A final o Autor foi absolvido do crime de prevaricação de advogado, tendo sido, no entanto, condenado por dois crimes de coação.


Entende o Arguido que, por esse motivo, tem direito à indemnização prevista no art. 225.º do CPP.


Decidiu o STJ que, ainda que o Autor estivesse indiciado desde o início tão-só pelos dois crimes de coação, mesmo assim poderia, nos termos da lei, o juiz ordenar a sua detenção para primeiro interrogatório.

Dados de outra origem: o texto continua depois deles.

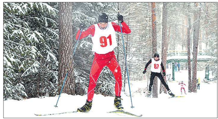
Снега оказалось достаточно не только для классического, но и конькового хода

Здесь, пожалуй, сейчас одно из немногих мест в области, где, несмотря на бесцелье, можно проводить соревнования, — это мнение чле-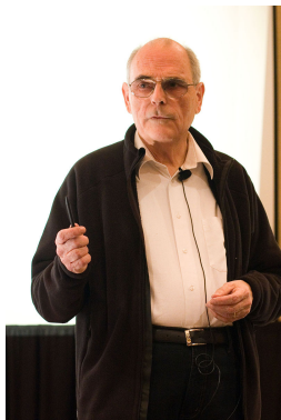
Figure: Volker Strassen (born in 1936, German mathematician)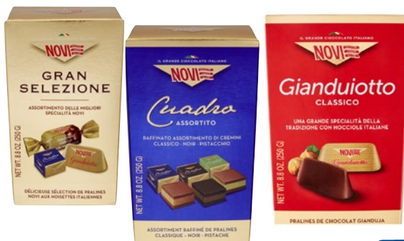
NOVI Cioccolatini Assortiti g 250

Sendo que, atenta a matéria de facto em causa à data e direito aplicável, não se verificou privação de liberdade ilegal nem erro grosseiro na apreciação dos pressupostos de facto de que dependia, porquanto o mandado de detenção ordenado pelo juiz não dependia de estarem ou não indiciados crimes cuja moldura penal permitisse a aplicação de prisão preventiva.


Desta forma, decidiu o referido aresto estar perante o exercício legitimo da ação penal por parte do Estado, concluindo no sentido de que a detenção em causa foi legal e que poderia ter sido efetuada nos mesmos termos, mesmo que o recorrente estivesse só indiciado pela prática dos crimes pelos quais veio a ser condenado.

 

E, como tal, julgou o pedido de indemnização totalmente improcedente.


Sumário:

“Os danos causados pela detenção para apresentação a 1.º interrogatório de arguido, determinada pelo juiz, não é passível de indemnização ao abrigo do disposto no art. 225.º do CPP, em caso de condenação apenas por parte dos crimes pelos quais estava inicialmente indiciado, ainda que a moldura penal abstracta destes não admitisse a aplicação de prisão preventiva.”